The first of these projects, Y2, entered service as the Boeing 787. The second project, Y3, is expected to enter service as the Boeing 777X. The Y1 project was cancelled in favor of the re-engined Boeing 737 MAX.

==Yellowstone projects==
Yellowstone was divided into three projects:

- Boeing Y1, to replace the 737 and 757 product lines. The Y1 would have covered the 100- to 250-passenger market. Boeing submitted a patent application in November 2009, that was released to the public in August 2010, that envisioned an elliptical composite fuselage. In early 2011, Boeing outlined plans for a 737 replacement that would arrive in 2020. However in August 2011, Boeing announced an updated and re-engined version of the 737, the 737 MAX. Y1 concepts were not progressed.
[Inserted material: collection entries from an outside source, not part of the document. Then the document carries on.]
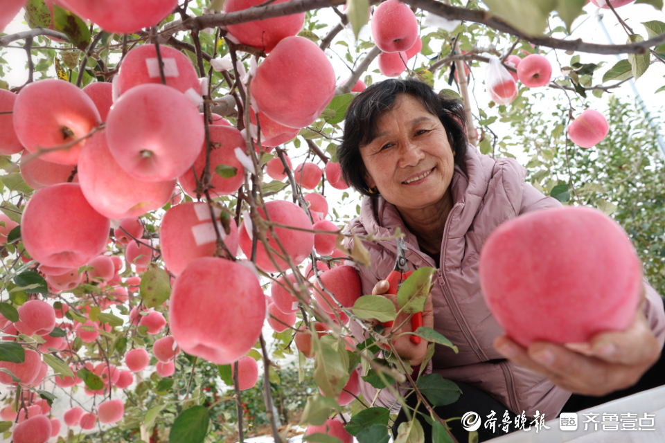 看着自己种出的苹果,张玉清的脸上挂满笑容。齐鲁晚报·齐鲁壹点记者 王鑫 摄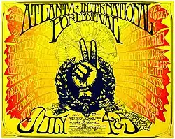 The second Atlanta International Pop Festival was a rock festival held in a soybean field adjacent to the Middle Georgia Raceway in Byron, Georgia, from July 3–5, 1970, although it did not finish until after dawn on the 6th.[6] It was the only successor to the first Atlanta Pop Festival, which had been held the previous summer near Hampton, Georgia. The event was promoted by Alex Cooley, who had helped organize the '69 Atlanta festival as well as the '69 Texas International Pop Festival, and two years later would promote the Mar Y Sol Pop Festival in Puerto Rico from April 1–3, 1972.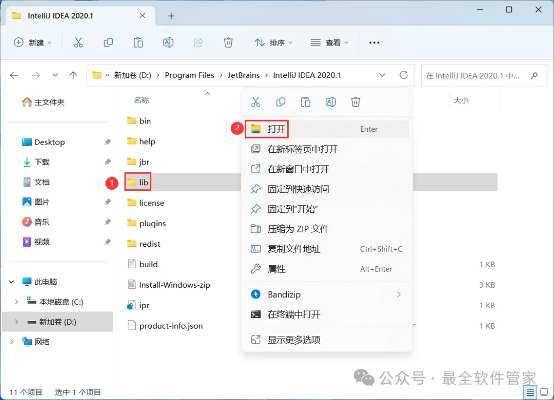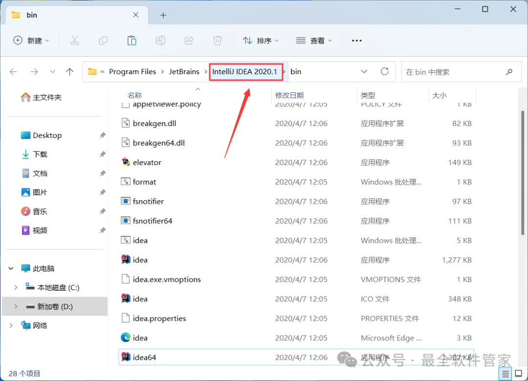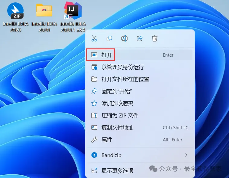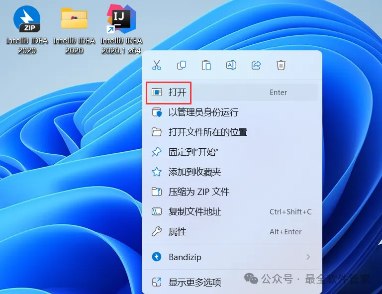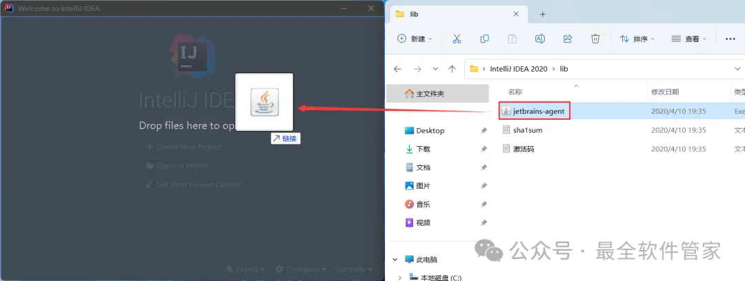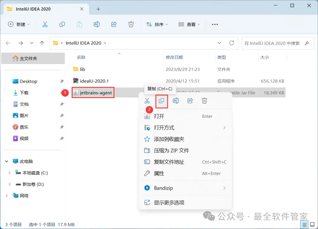 [软件名称]:IntelliJ IDEA 2020[不限速下载]:免费获取百度网盘不限速下载工具。公众号内回复:不限速[注意事项]:安装前请关闭网络、杀毒软件和防火墙,否则易安装失败。公众号内回复:1[解压软件]:小编用的解压软件是Bandizip,获取Bandizip软件安装包。公众号内回复:21、下载IntelliJ IDEA 2020软件安装包到电脑上,右键选择【解压到IntelliJ IDEA 2020\】3、找到【ideaIU-2020.1】应用程序,右键选择【以管理员身份运行】它5、软件默认安装在C盘,可自定义更改软件安装位置,这里小编选择安装在D盘;点击【Next】 10、回到桌面,右键桌面上的【IntelliJ IDEA 2020.1软件图标】,点击【打开】 14、勾选【Evaluate for free】,再点击【Evaluate】 15、回到IntelliJ IDEA 2020文件夹,找到【lib】文件夹,右键【打开】它16、将【jetbrains-agent】文件拖到软件界面内 21、回到IntelliJ IDEA 2020文件夹,找到【jetbrains-agent】文件,再右键点击【复制按钮】22、回到桌面,右键桌面上的【IntelliJ IDEA 2020.1软件图标】,点击【打开文件所在的位置】23、点击路径上的【IntelliJ IDEA 2020.1】 26、回到桌面,右键桌面上的【IntelliJ IDEA 2020.1软件图标】,点击【打开】33、以上就是IntelliJ IDEA 2020软件安装的全过程,要是对你有帮助的话,请为小编点个赞!免责声明:软件资源均来源于网络,仅供用户交流学习与研究使用,版权归属原版权方所有,版权争议与本公众号无关,用户本人下载后不能用作商业或非法用途,否则后果均由用户承担责任;如果您访问和下载此文件,表示您同意只将此软件用于参考、学习而非其他用途,否则一切后果请您自行承担,请于下载后24小时内删除,不允许用于商业用途,否则法律问题自行承担。如果您喜欢该软件,请支持正版软件,购买注册,得到更好的正版服务。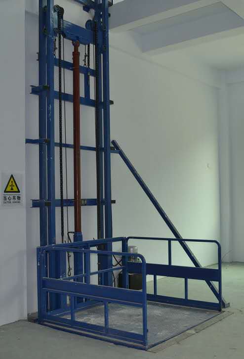 鏈條導軌式液壓升降貨梯是一種非剪叉式液壓升降機械設(shè)備.用于二三層工業(yè)廠房,餐廳,酒樓樓層間的貨物傳輸.最低高度在150-300mm,優(yōu)其適合不能開挖地坑的工作場所.并且無須上部吊點,形式多樣化(單柱,雙柱,四柱).設(shè)備運行平穩(wěn),操作簡單可靠,貨物傳輸經(jīng)濟便捷.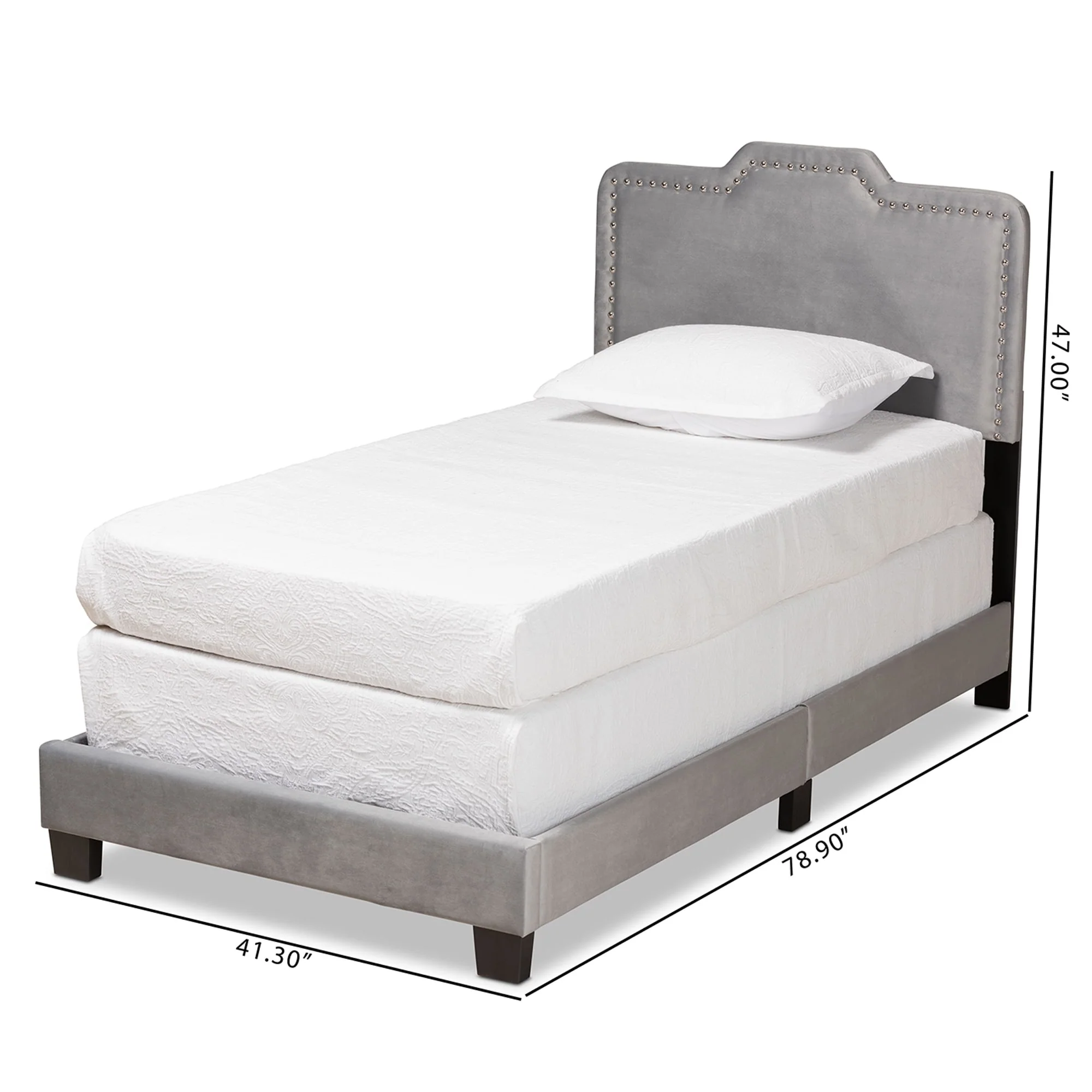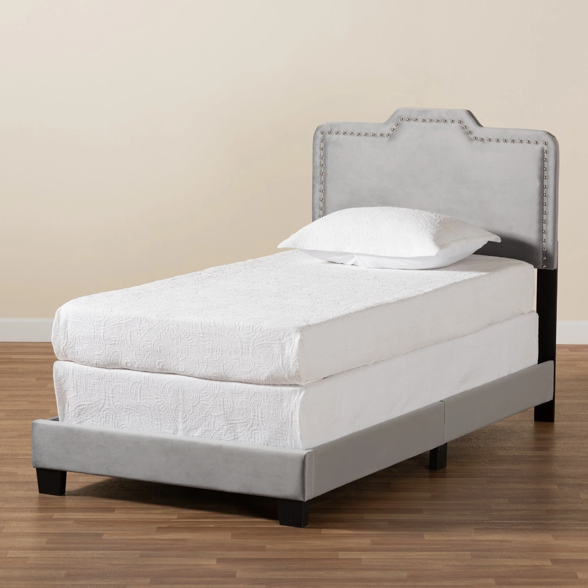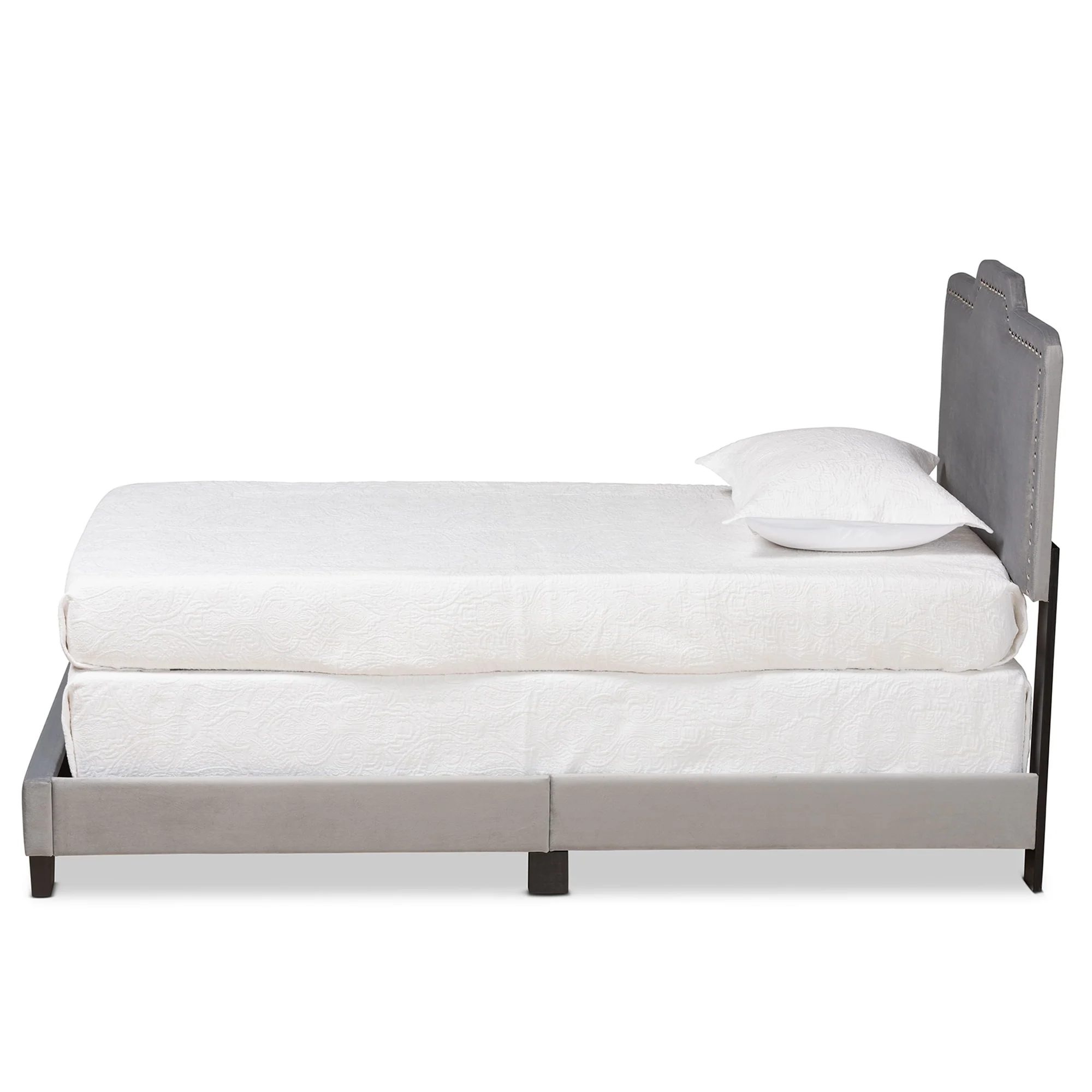 Steeped in glamorous design, the Benjen bed stands out with marvelous comfort and style. Made in Malaysia, this wood bed is padded with layers of soft foam and upholstered in smooth velvet fabric. Its broad headboard provides excellent back support, while silver finished metal nailheads add contemporary flair and accentuate the regal silhouette. Requiring assembly, the Benjen needs a box spring to function properly. Forming an extravagant display of comfort, the Benjen bed is a terrific addition to the modern bedroom...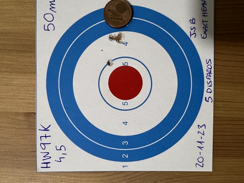 Sólo quería compartir con vosotros lo que es capaz de hacer una HW97K del 4,5 en campo de tiro abierto a 50 metros de distancia y sin seleccionar ningún balín (cogidos directamente de la caja sin pesar). El visor, un UTG a 24 aumentos.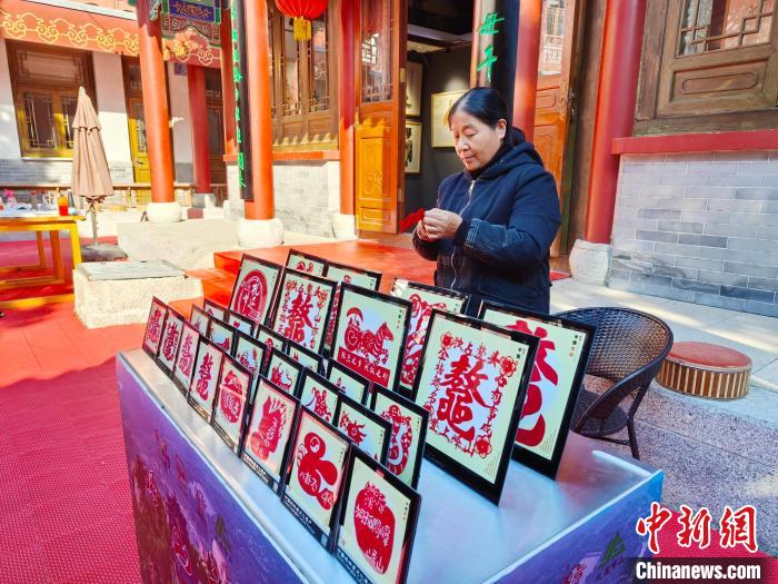 嶧山風景區(qū)內(nèi)的鄒城剪紙非遺展臺。王采怡 攝
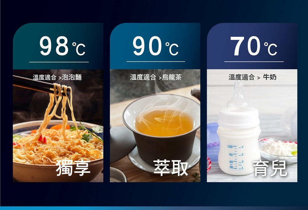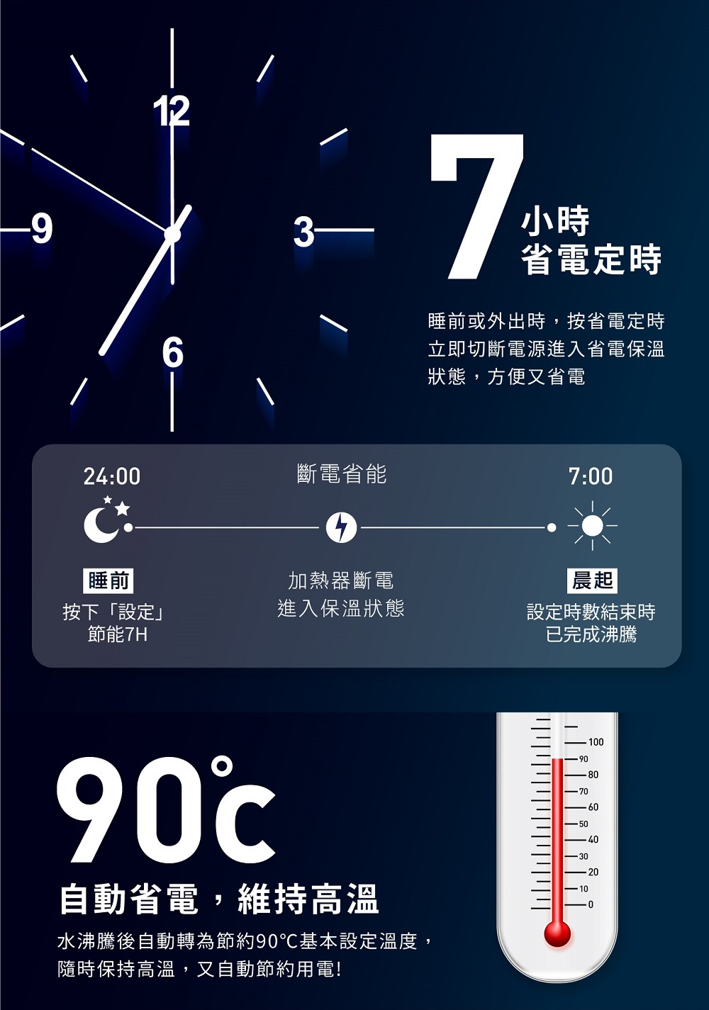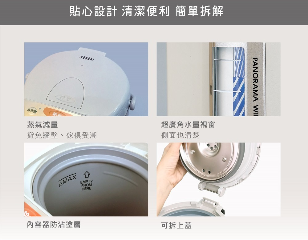 (7) 安全裝置:(a)防止空燒 (b)防止傾斜時熱水溢出 (c)上蓋2段式開啟設計 (d)電動給水鎖定裝置。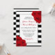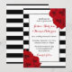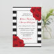 A coleção de luxo moderna de chic apresenta um histórico clássico de listras brancas e pretas, acentuado com belas rosas vermelhas de rubi e uma falso moldura de folha de prata. Estes convites de janto de ensaio são fáceis de personalizar com a sua própria redação e itens de casamento correspondentes podem ser encontrados na coleção.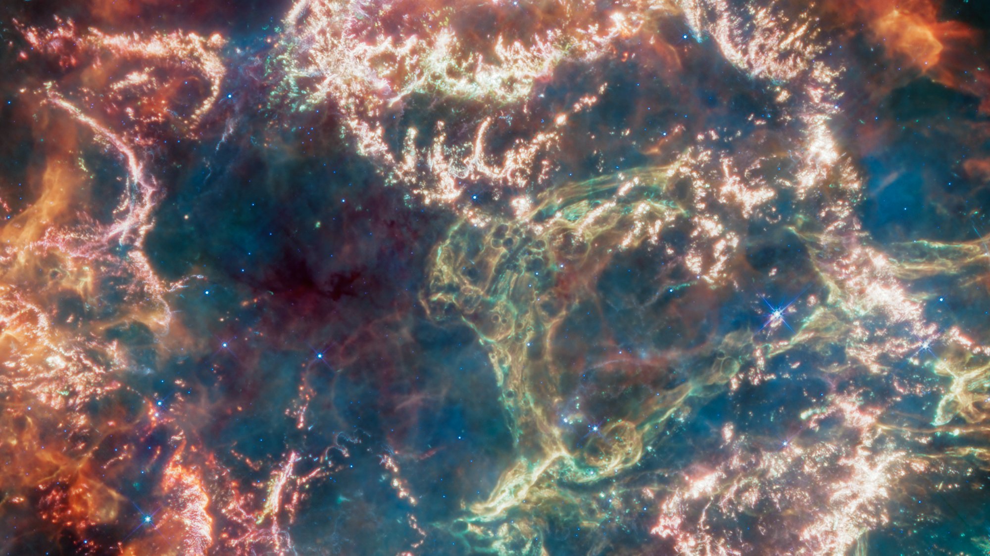 The end result, of course, also depends on what kind of data the image specialists have to work with in the first place. The team often chooses different colors to highlight the fact that NIRCam and MIRI—two of Webb’s infrared cameras—are looking at different wavelengths (near-infrared and mid-infrared, respectively), and therefore different physical structures. For example, in the Cassiopeia A supernova remnant, JWST’s observations revealed a bubble of something emitting a specific wavelength of light, colored as green in the MIRI image and resultantly known as the “Green Monster.” Without this visualization, astronomers may not have noticed such a curious feature that provides insight into how giant stars die—and after some investigation, they figured out the Green Monster is a region of debris disturbed by the huge blast from the supernova explosion.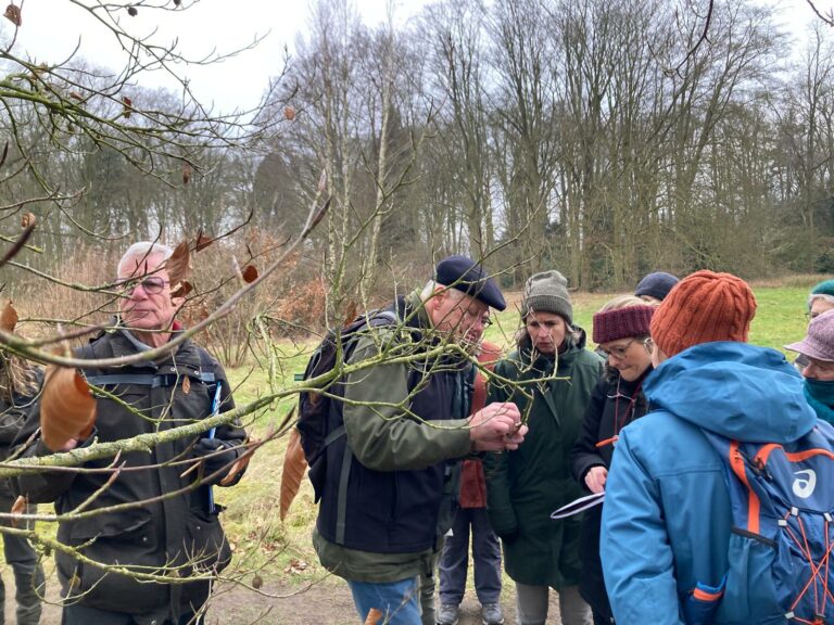 Tijdens de minicursus Winterherkenning van bomen en struiken, gaf IVN-gids René de deelnemers handvaten voor het identificeren van de verschillende soorten in de winter. Hij werd geassisteerd door Geri in het kader van haar stage voor de Natuurgidsenopleiding (NGO) van het IVN.

- Boeing Y2, to replace the 767 product line. It covers the 250- to 350-passenger market, and was the first completed Yellowstone project, coming to fruition as the Boeing 787 Dreamliner. Y2 initially referred to the highly efficient, more conventional, baseline aircraft for the Sonic Cruiser, which was project "Glacier". The Dreamliner competes with the Airbus A330neo.
- Boeing Y3, to replace the 777 and 747 product lines. Y3 covers the 350–600+ passenger market. The Boeing 777X is largely considered the end result of the Y3 program, which was launched by Boeing on November 16, 2013. The 777X competes with the Airbus A350.